Winning over younger diners
Some younger customers used to brush off kueh as old fashioned. That perception can change quickly when the product in hand looks bright and tastes clean. Shapes like koi and bears work as a friendly entry point. A flavor like Lotus Biscoff or D24 durian draws curious first timers. Those first bites often lead to classics such as mung bean and peanut. The design is not a gimmick. It is a way to create a shareable moment with a food that many people have only seen at family gatherings.
Packaging and presentation matter too. Kueh Ho Jiak uses modern boxes that travel well for gifting and corporate events.
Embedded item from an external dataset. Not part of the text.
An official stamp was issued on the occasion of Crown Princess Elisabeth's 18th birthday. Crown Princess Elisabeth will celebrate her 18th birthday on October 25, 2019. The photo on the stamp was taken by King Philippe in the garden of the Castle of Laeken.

The team is active on social channels, which helps explain flavors and show behind the scenes work. Workshops do similar work in person. When a child learns to press a mold or a parent tries shaping for the first time, they gain a personal connection to the snack. That memory stays longer than a single bite.
How to experience Kueh Ho Jiak
The stall operates at Tanjong Pagar Plaza, where walk in customers can pick from trays of fresh ang ku kueh and other classics. Popular flavors sell out quickly during holidays. Pre orders for special shapes or flavors are encouraged. The team’s online store handles islandwide delivery for gifts, office trays, and party sets. Corporate orders often include customized molds so logos or festive motifs appear on the kueh.
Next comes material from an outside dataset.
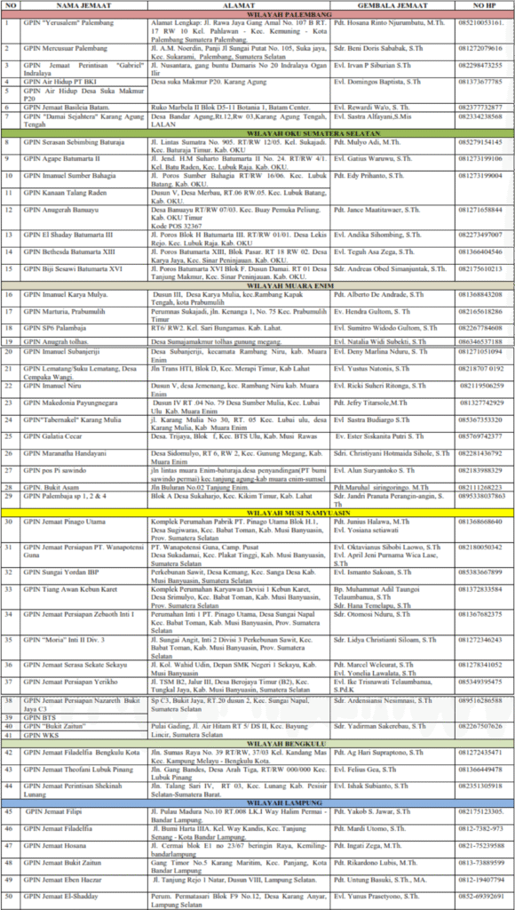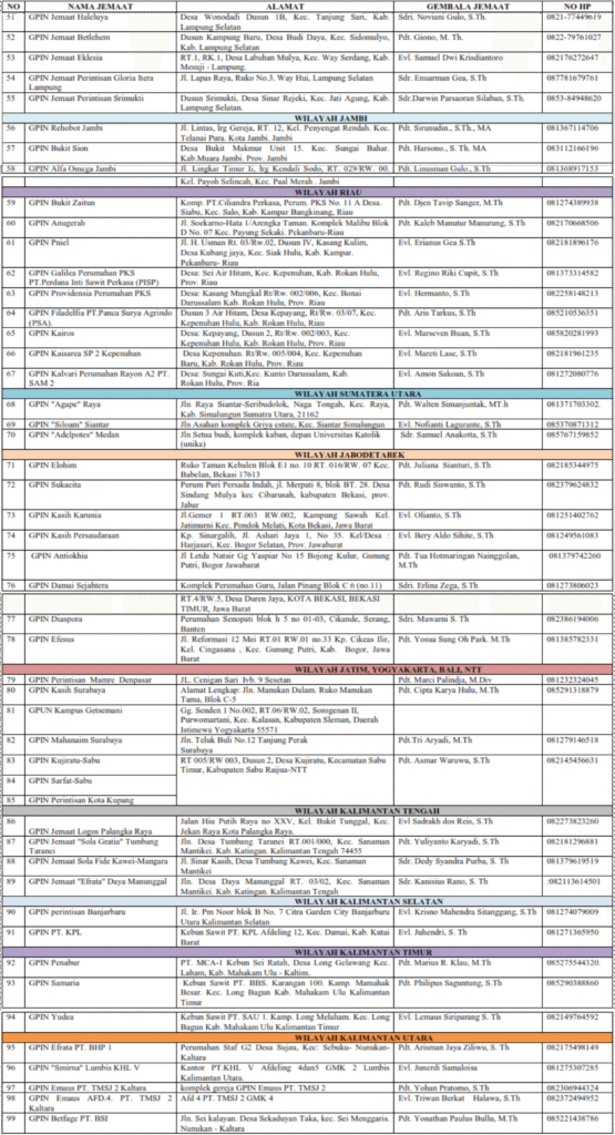 DAFTAR JEMAAT GPIN DI SELURUH INDONESIA

Hands on learners can book a class at the Chai Chee workshop. Sessions cover dough mixing, coloring with natural ingredients, shaping, and steaming. Small class sizes make it easier to get individual tips from experienced makers. Many participants attend as families or office teams. It is a practical way to connect with food heritage and to appreciate what goes into every box taken home from a hawker stall. For schedules and ordering, visit the official website at kuehhojiak.com.
Key Points
- Kueh Ho Jiak is led by founder Sandy Tan, who starts work before dawn at Tanjong Pagar Plaza.
- The stall’s signature is sweet potato ang ku kueh, made with natural colors and without preservatives.
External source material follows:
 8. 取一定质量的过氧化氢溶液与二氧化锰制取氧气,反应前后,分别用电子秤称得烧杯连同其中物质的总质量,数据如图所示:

- The business is a three generation effort, with Sandy’s daughter Elizabeth Chan managing digital operations and workshops.
- Kueh Ho Jiak runs a Chai Chee workshop with seven sessions a week for families and corporate groups.
- Flavor range includes Lotus Biscoff, D24 durian, haebeehiam sweet potato, and a mugwort and mung bean blend.
- The kueh is halal certified and reflects Teochew, Hokkien, Peranakan, and Malay influences.
- Collaborations with brands such as Leica and Pokka have introduced kueh to new audiences.
- Kueh Ho Jiak was featured in the Netflix series Food Tales: Crazy For Kueh.
- The team received the Spirit of Enterprise 2025 Established Honoree Award.
- Hawker work remains tough, but workshops, modern packaging, and an online store help sustain the craft and reach younger diners.